Friday, May 2, 2014

Ukraine’s acting president says that the Kyiv government has effectively lost control over the situation in the country’s eastern Luhansk and Donetsk regions

Ukraine Admits It's Losing Control in East


After storming the office, Pro-Russian activists burn uniforms outside the prosecutor's office in the separatist-held city of Donetsk, Ukraine, May 1, 2014.

VOA News
Ukraine’s acting president says that the Kyiv government has effectively lost control over the situation in the country’s eastern Luhansk and Donetsk regions where a number of government buildings have been taken over by pro-Russia separatists.
Oleksandr Turchynov says that Russia is now eyeing six more regions in the country’s east and south. A takeover by Russia of two such regions, if it were to take full control of Donetsk, would secure Russia’s land connection with Crimea, which it annexed last month.
The takeover of two more regions along the Black Sea coast would connect Russian mainland with Moldova’s Russian-speaking Transdniestria enclave.

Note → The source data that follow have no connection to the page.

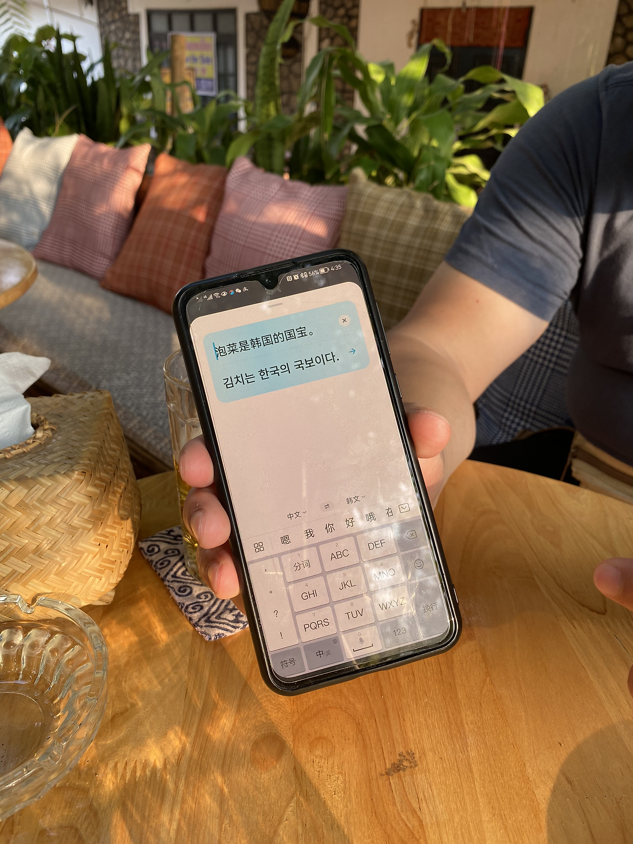 세상에 이런 일이! 환전소에 도착하기 5분 전, 가는 길목에서 어제 그 중국친구를 다시 만난 것이다. 친구는 혼자 맥주를 마시고 있었고, 내 얼굴을 알아보고 반가워했다. 대뜸 구글 번역기를 켜서 어제의 자초지종을 설명했다. 친구는 돈을 넣은 복대를 허리춤에 차고 있었다. 아예 어제의 사건을 모르는 눈치였다. 나의 속사포 같은 이야기를 쭉 듣더니, 자기가 얼마 돌려줘야 하냐며 물었다. 그는 나에게 9만 낍을 원래대로 돌려줬다.
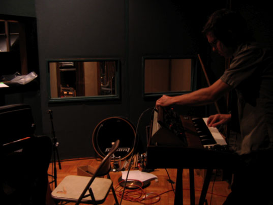 Here’s Ben laying down the SMOKIN’ moog synthesizer bass part for “Guitar Hero”:
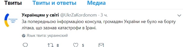 Граждан Украины не было на борту самолета, который разбился в Иране. Об этом сообщает Консульская служба МИД Украины в Тwitter в воскресенье, 18 февраля.
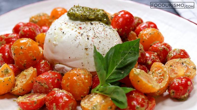 Moτσαρέλα, ντομάτα, βασιλικός.
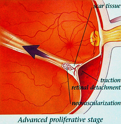 In its most advanced stage, new abnormal blood vessels proliferate (increase in number) on the surface of the retina, which can lead to scarring and cell loss in the retina.
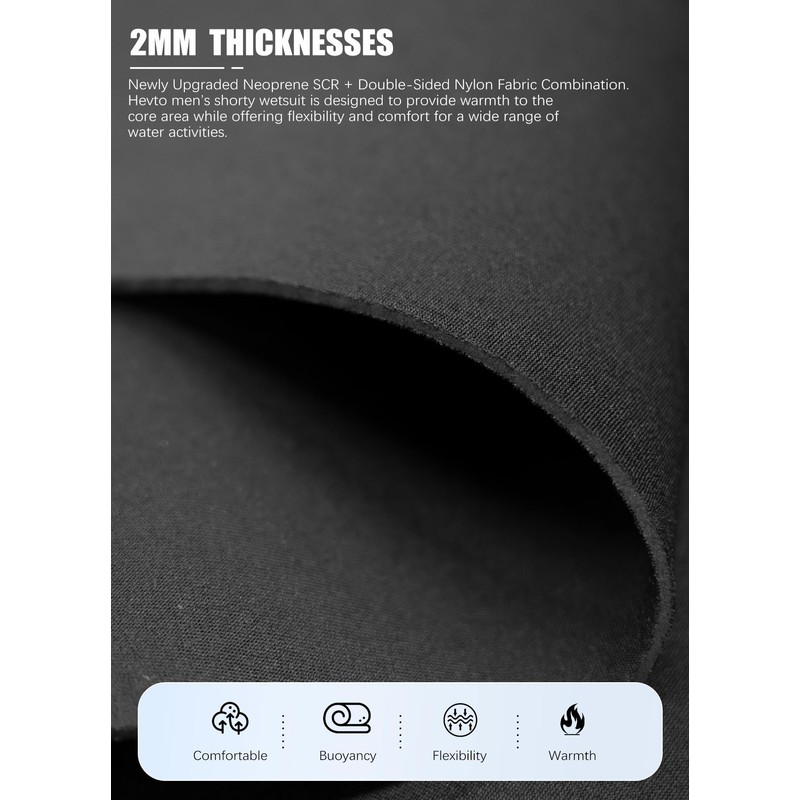 - Thermal Protection: Made with 2mm Neoprene, Hevto wetsuit men offers the right level of warmth for warmer waters. Ideal for swimming, snorkeling, and paddleboarding, the shorty wetsuit provides comfort and flexibility without overheating.
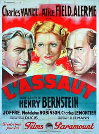 ![]() 1935 Tovaritch – de Jacques Deval, Germain Fried, Jean Tarride & Victor Trivas avec André Lefaur & Junie Astor | ![]() 1936 L’assaut – de Pierre-Jean Ducis avec Alice Field, Charles Vanel, Madeleine Robinson & Janine Darcey | ![]() 1941 Dernière aventure – de Robert Péguy avec Annie Ducaux, Jean Max & Blanchette Brunoy | ![]() 1949 Un trou dans le mur – de Emile Couzinet avec Marguerite Pierry, Raymond Galle & Gaby Basset | ||

Speaking Wednesday at a meeting of regional leaders in Kyiv, Turchynov operatives have received instructions from Moscow to destabilize, via "acts of sabotage," the regions of Kharkiv, Dnipropetrovsk, Kherson, Zaporizhzha, Mykolayiv and Odesa.
Kyiv says that many such operatives have received training and are being financed by Russia, a charge Moscow denies.
On full alert
Bracing for a possible invasion by Russian troops massed on the border, Turchynov says Ukraine’s military has been put "on full combat alert."

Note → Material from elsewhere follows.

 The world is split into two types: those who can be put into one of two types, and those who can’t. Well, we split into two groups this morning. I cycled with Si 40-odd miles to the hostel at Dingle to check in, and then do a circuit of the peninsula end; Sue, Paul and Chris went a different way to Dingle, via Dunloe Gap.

Speaking at a ministerial meeting in Kyiv on Wednesday, he said there was a real threat of Russia starting a war against Ukraine's mainland.

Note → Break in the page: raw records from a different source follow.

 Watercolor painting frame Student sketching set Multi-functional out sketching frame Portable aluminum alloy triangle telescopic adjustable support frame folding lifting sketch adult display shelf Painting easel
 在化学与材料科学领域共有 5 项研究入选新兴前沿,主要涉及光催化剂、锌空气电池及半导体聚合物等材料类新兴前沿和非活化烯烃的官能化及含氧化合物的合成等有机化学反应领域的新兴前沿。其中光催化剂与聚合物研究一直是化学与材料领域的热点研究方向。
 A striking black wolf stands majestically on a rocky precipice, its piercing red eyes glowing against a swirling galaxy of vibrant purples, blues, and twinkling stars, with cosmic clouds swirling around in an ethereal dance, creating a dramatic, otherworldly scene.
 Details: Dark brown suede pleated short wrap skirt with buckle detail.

A Ukrainian soldier stands guard in front of armored personnel carriers at a check point near the village of Malynivka, southeast of Slovyansk, in eastern Ukraine, April 29, 2014A Ukrainian soldier stands guard in front of armored personnel carriers at a check point near the village of Malynivka, southeast of Slovyansk, in eastern Ukraine, April 29, 2014
Moscow, meanwhile, has voiced concern over Turchynov’s statement, criticizing it as “militaristic.”
“We insist that Kyiv immediately cease its militaristic rhetoric aimed at intimidating its own population,” said a Foreign Ministry statement calling on Ukrainian authorities to start a dialogue toward national reconciliation instead.
The criticism comes as pro-Russian gunmen seized yet another administrative building in eastern Ukraine. Armed insurgents took control of the local council building in Horlivka early Wednesday, a town of more than 260,000 people. Police say the pro-Russian rebels have also overtaken the town’s regional police department.
Hundreds of pro-Russian separatists overran more Ukrainian government buildings near the Russian border earlier this week, taking control of several in the Donetsk and Luhansk regions.
The pro-Moscow rebels in Donetsk have set a referendum on secession for May 11. A similar vote last month led to Russia's annexation of Ukraine’s Crimean peninsula.
Possible reshuffle
Ukrainian Prime Minister Arseniy Yatsenyuk threatened his government on Wednesday with a reshuffle if it failed to meet the demands of the people, venting frustration with Kyiv's failure to restore law and order in the country's east.
Some critics say the central government has become all but paralyzed by infighting.
“The country demands action and results. If there is such action and results that means the government is doing its job,” Yatsenyuk told a government meeting.
“If in the near future such action and results fail to materialize, that means there will be personnel changes,” said Yatsenyuk.
He said ministers would also pass to parliament a law on conducting a nationwide poll on Ukrainian unity and territorial integrity, “those issues which concern Ukraine today,” on May 25 when Ukraine is due to hold a presidential election.